I- White Anti-Racist, Anti-Fascist and Anti-Imperialist Feminism

Despite the gap between the rhetoric of universal sisterhood and the overwhelming whiteness of the Women’s Liberation Movement’s organisational mores and theoretical biases, over the course of the 1970s an increasing number of white feminists became involved in anti-racist and anti-imperialist campaigns. This section will focus on the two main groups or networks that organised against racism, fascism and imperialism in the latter half of the 1970s: Women Against Racism and Fascism (WARF) and Women Against Imperialism (WAI). As Nathalie Thomlinson argued, these groups have been largely ignored by both chroniclers of feminist and anti-fascist campaigns. For this reason, it is important to consider these groups as a part of the WLM, the wider Anti-Racism and Anti-Fascism movements and the extent to which they influenced the politics of race in the WLM. Whilst the existence of these groups undoubtedly complicate the notion that white feminists were completely insensitive to issues of race, this engagement with the politics of antiracism and anti-imperialism ironically revealed the whiteness of WLM.

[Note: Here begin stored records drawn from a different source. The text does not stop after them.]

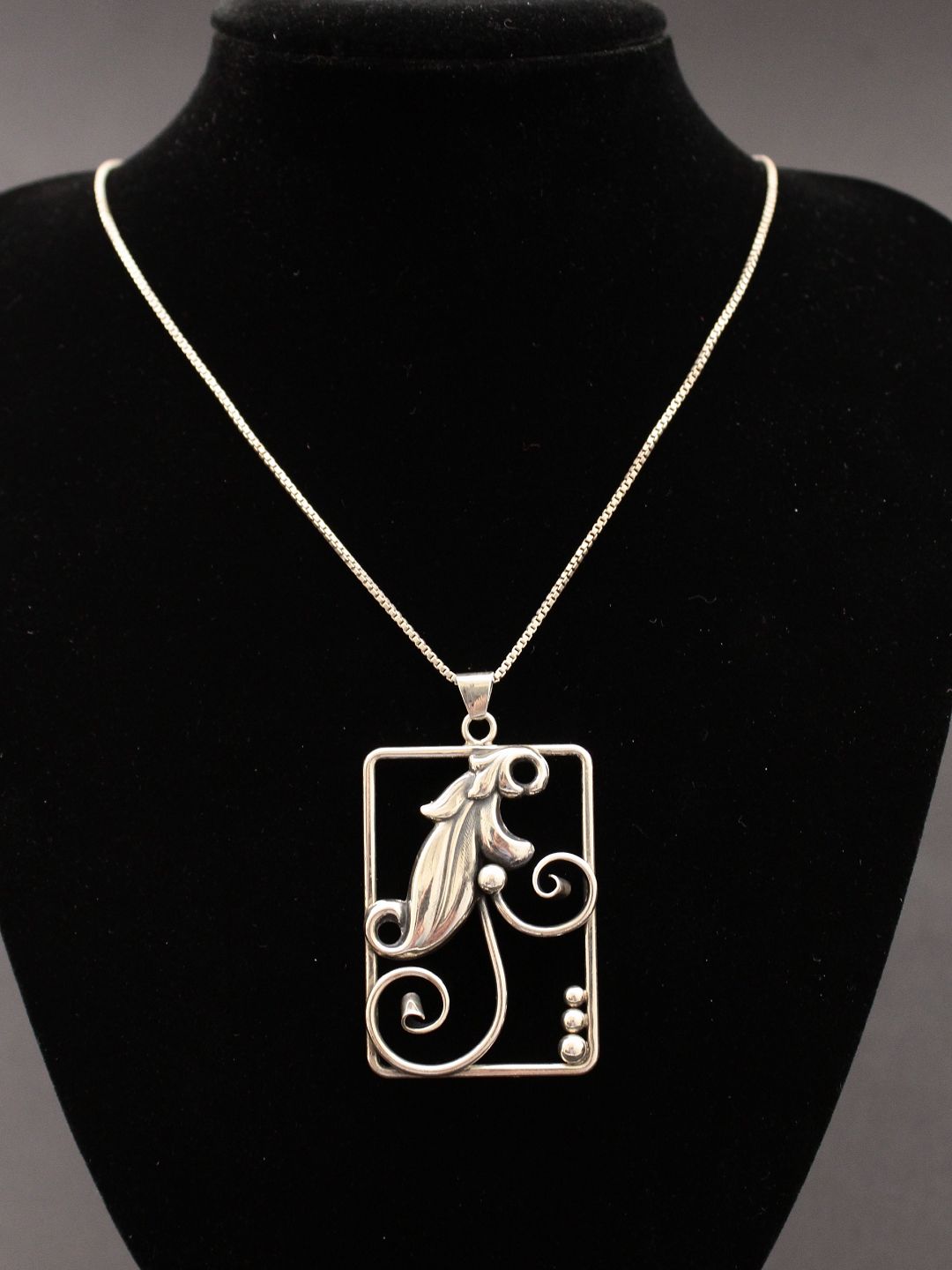 Sterling silver necklace 48 cm. with 830 silver art deco pendant 3.2 x 5 cm. No. 420705
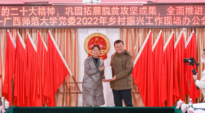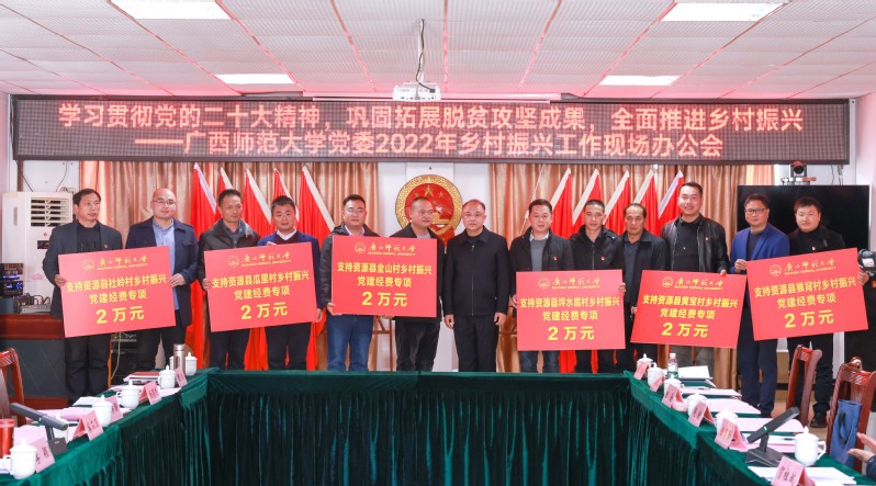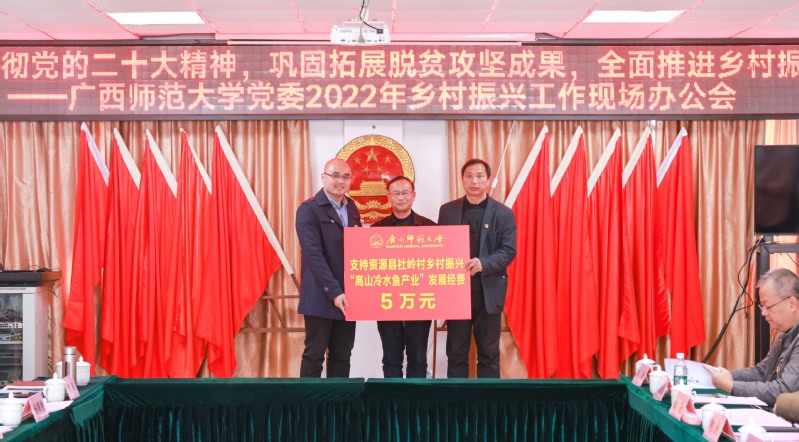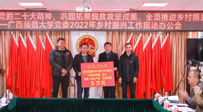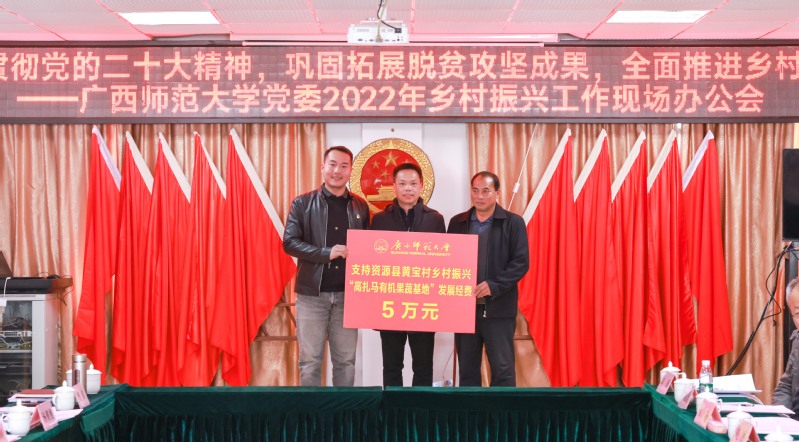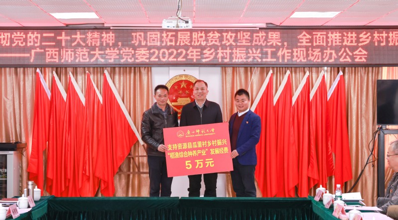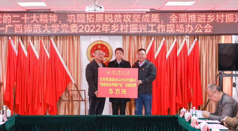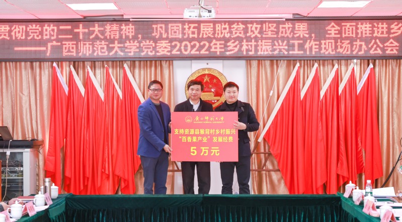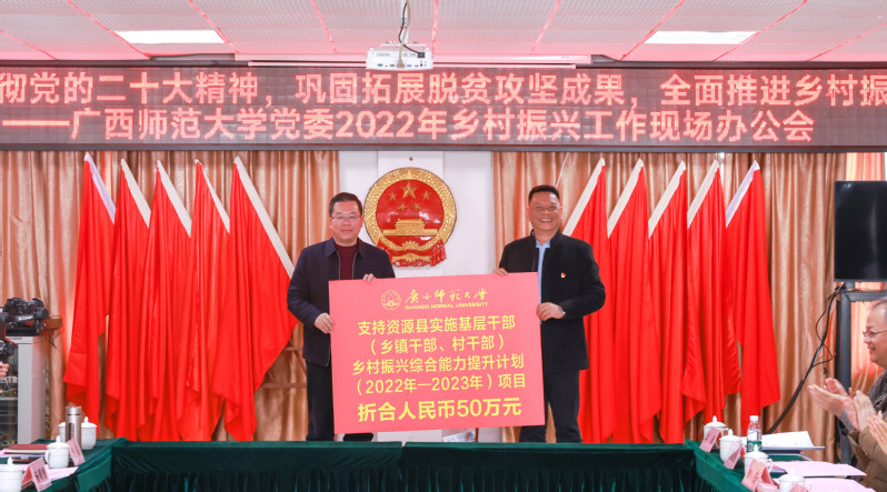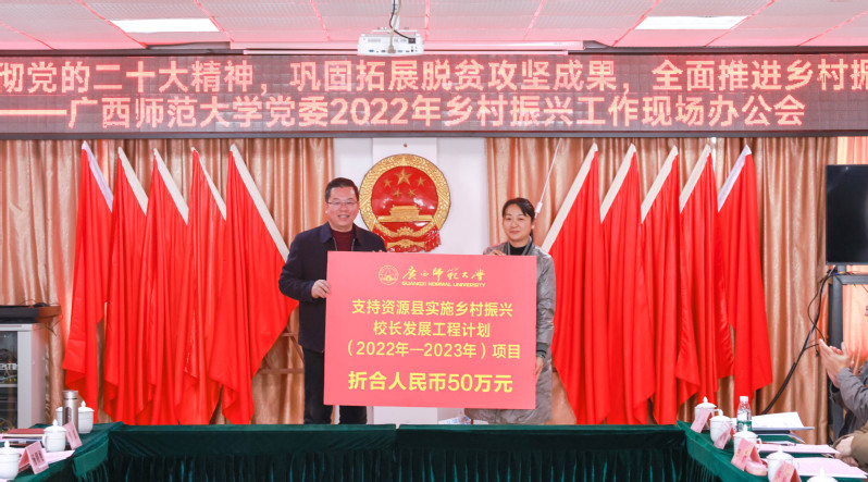 现场办公会结束后,学校举行了广西师范大学支持资源县对口帮扶村乡村振兴资金颁发仪式。在资源县基层干部(乡镇干部、村干部)乡村振兴综合能力提升计划(2022年—2023年)项目启动仪式上,学校决定支持项目经费50万元;在资源县实施乡村振兴校长发展工程计划(2022年—2023年)项目启动仪式上,学校决定支持项目经费50万元。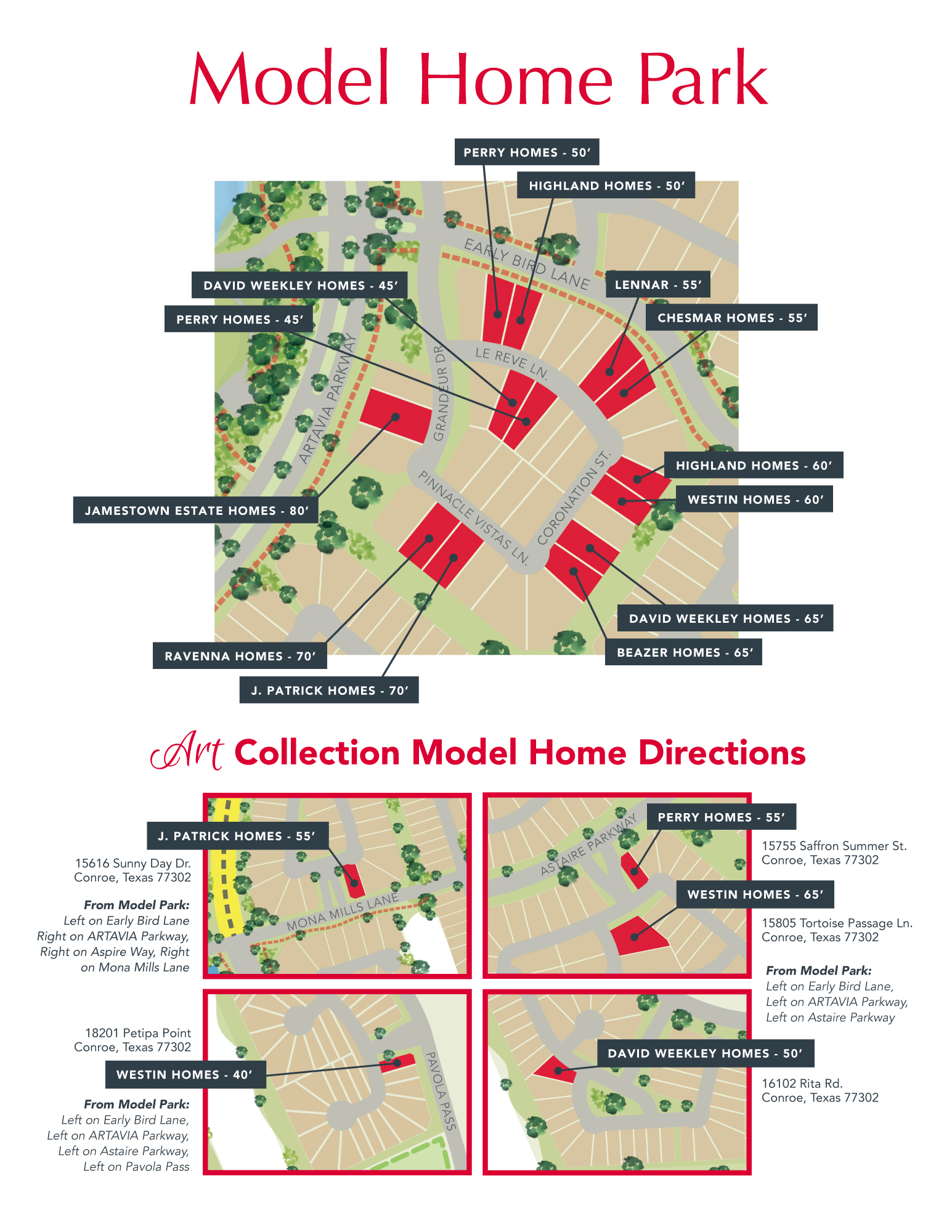Travel east on SH 242 for seven miles. The entrance to ARTAVIA is on the south side.

The 1970s was a period of heightened racial tensions, with the rising popularity of the National Front provoking widespread interest across the left in anti-racism and antifascism towards the end of the decade. This was particularly motivated by the fact that the NF were appealing to the white working-class voters considered traditionally to be the core supporters of socialism. In Vron Ware in introduction to Beyond the Pale, she argues that white feminists did not just react to Black feminist critique, but were often engaged in a complex range of anti-racist action. Furthermore, there was an almost assumption among white feminists that as feminism was a progressive, even revolutionary force, it contained within it an ‘automatic anti-racist position’- often expressed through solidarity with liberation struggles even in its early days. This is demonstrated by an article from the Socialist Woman, quoted by Thomlinson, which claims that WARF was ‘founded in response to our experience as women on the 23 April anti National Front demonstration [in Lewisham].’ Furthermore, in a letter written by Janet Hadley, a former member of WARF, accompanying a collection of WARF documents in the Feminist Archive South, she recalls the creation of WARF being in response to the activity of the Anti-Nazi League, which she calls ‘crude in the extreme in their approach to racism, and in particular to Black and Asian women.’ However, while Thomlinson argues that rather than arising directly as a response to racism within the WLM itself, WARF was established by feminist women on the left in response to the sexism found there, Hadley’s letter claims that ‘WARF found itself facing in two directions- first in a critical stance towards the ANL [Anti-Nazi League], but also feeling its task was to struggle against racism within the women’s movement.’ Vron Ware notes that WARF did not last as a national alliance, seeming to have burnt brightly before fading away. In 1978 the network held a national conference, a regional conference in Birmingham, and one local group published a pamphlet, Taking Racism Personally.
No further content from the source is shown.